The WebSocket transport is one of two streaming options (alongside gRPC). It exposes three endpoints:
| Endpoint | Type | Description |
|---|---|---|
| GET /ws/retrieveConfiguration | Unary | Returns the service configuration for a given partner, including supported audio formats, locale settings, and operational limits. |
| GET /ws | Bidirectional streaming | Streams an ambient audio recording to the server. The client opens a session, streams audio data, and closes the recording. |
| GET /ws/startProcessing | Unary | Signals Dragon Copilot to begin processing a previously recorded ambient session. |
Authentication
All WebSocket endpoints require bearer token authentication. Tokens can be passed via the Authorization header or the Sec-WebSocket-Protocol subprotocol header.
Supported token types:
- S2S (Server-to-Server): Machine-to-machine token issued via MISE. After authentication, the service validates the calling application's identity against a configured allowlist.
- Entra ID User Token: User-delegated token issued by Microsoft Entra ID.
- EIS Bearer Token: JWT issued by the EHR Integration Service (EIS). See Token launch integration for details.
Required headers
| Header | Description |
|---|---|
Authorization |
Bearer token (Bearer <token>). Alternatively, pass via Sec-WebSocket-Protocol. |
customer-id |
Customer/environment identifier. Returns 403 Forbidden if missing. |
Conditionally required headers
| Header | Condition | Description |
|---|---|---|
user-guid or external-user-id |
When using M2M (S2S) token | At least one must be provided. Returns 403 Forbidden if both are missing. |
Optional headers
| Header | Description |
|---|---|
product-id |
Product identifier (used for license validation context). |
Authentication methods
Method 1: Authorization header
GET /ws HTTP/1.1
Host: ambient-audio-service.copilot.us.dragon.com
Upgrade: websocket
Connection: Upgrade
Sec-WebSocket-Key: x3JJHMbDL1EzLkh9GBhXDw==
Sec-WebSocket-Version: 13
Authorization: Bearer <token>
customer-id: <customer-uuid>
external-user-id: <user-id>
Method 2: Sec-WebSocket-Protocol
The browser WebSocket API (new WebSocket(url, protocols)) does not allow setting custom headers like Authorization. To pass authentication data during the WebSocket handshake from browser-based clients, use the Sec-WebSocket-Protocol header as a comma-delimited key-value list.

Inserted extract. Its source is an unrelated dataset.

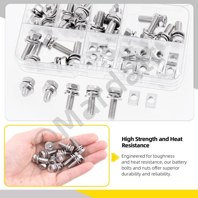 - 【Wide Applications】Mardatt motorcycle battery terminal nuts and bolt kit is not only compatible with motorcycle batteries, but also suitable for a variety of applications, such as woodworking, home improvement, furniture repairs and some DIY projects, essential for all your fixing needs.
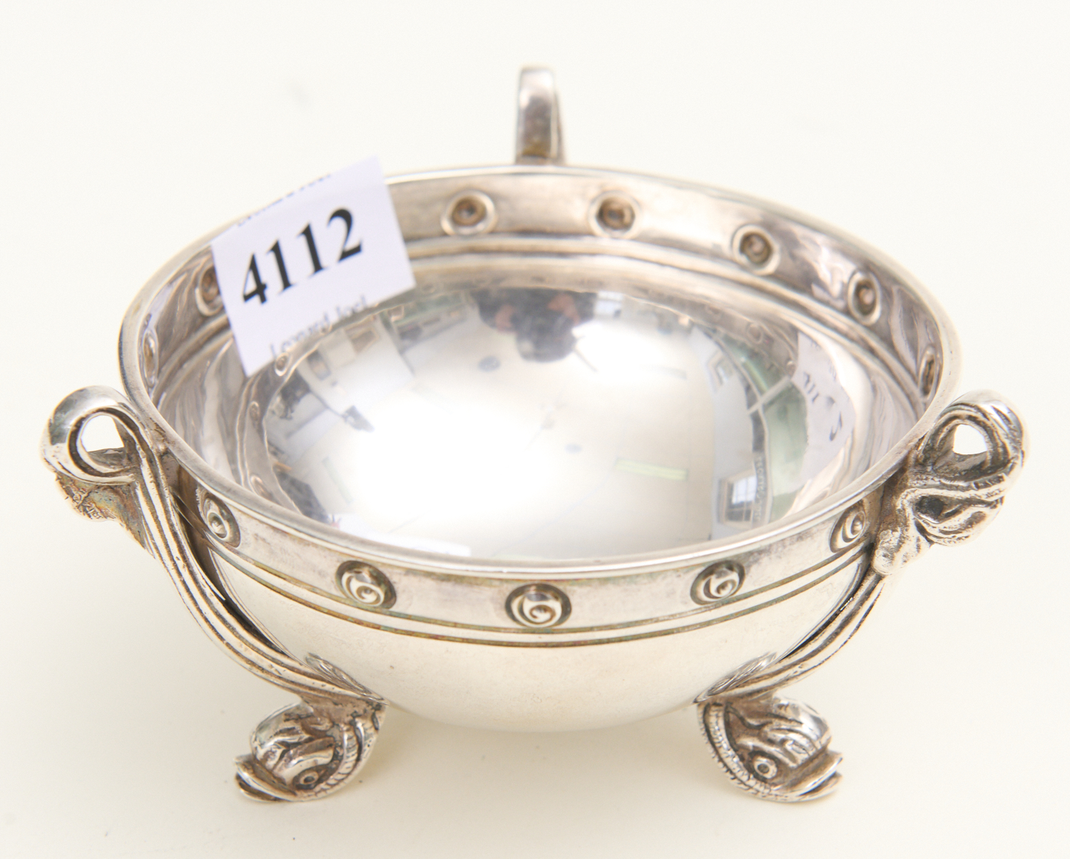 AN IRISH STERLING SILVER BOWL ON THREE DOLPHIN FORM FEET (8 CM D), LEONARD JOEL LOCAL DELIVERY SIZE: SMALL

The service supports two subprotocol formats:
Format A: Simple Bearer prefix
Pass the token directly with a Bearer prefix. Use this when you can set customer-id and other headers separately (for example, in non-browser environments that support subprotocols but not custom headers on upgrade):
GET /ws HTTP/1.1
Host: streaming.ambient-audio-service.copilot.us.dragon.com
Upgrade: websocket
Connection: Upgrade
Sec-WebSocket-Key: x3JJHMbDL1EzLkh9GBhXDw==
Sec-WebSocket-Version: 13
Sec-WebSocket-Protocol: Bearer <token>
customer-id: <customer-uuid>
external-user-id: <user-id>
Format B: Key-value list (browser SDK)
Pass the token and customer-id together in the subprotocol list. Use this when you cannot set any custom headers (for example, the browser WebSocket API):
GET /ws HTTP/1.1
Host: streaming.ambient-audio-service.copilot.us.dragon.com
Upgrade: websocket
Connection: Upgrade
Sec-WebSocket-Key: x3JJHMbDL1EzLkh9GBhXDw==
Sec-WebSocket-Version: 13
Sec-WebSocket-Protocol: sec-websocket-protocol, <token>, customer-id, <customer-uuid>
Parsing rules for Format B:
| Position | Value | Description |
|---|---|---|
| 0 | sec-websocket-protocol |
Key marker. Also echoed in the server's response header for WebSocket handshake compliance. |
| 1 | <token> |
The raw JWT token (without Bearer prefix). |
| 2 | customer-id |
Key for customer/environment identifier. |
| 3 | <customer-uuid> |
Value of customer-id. |
- Values are comma-delimited and trimmed of whitespace.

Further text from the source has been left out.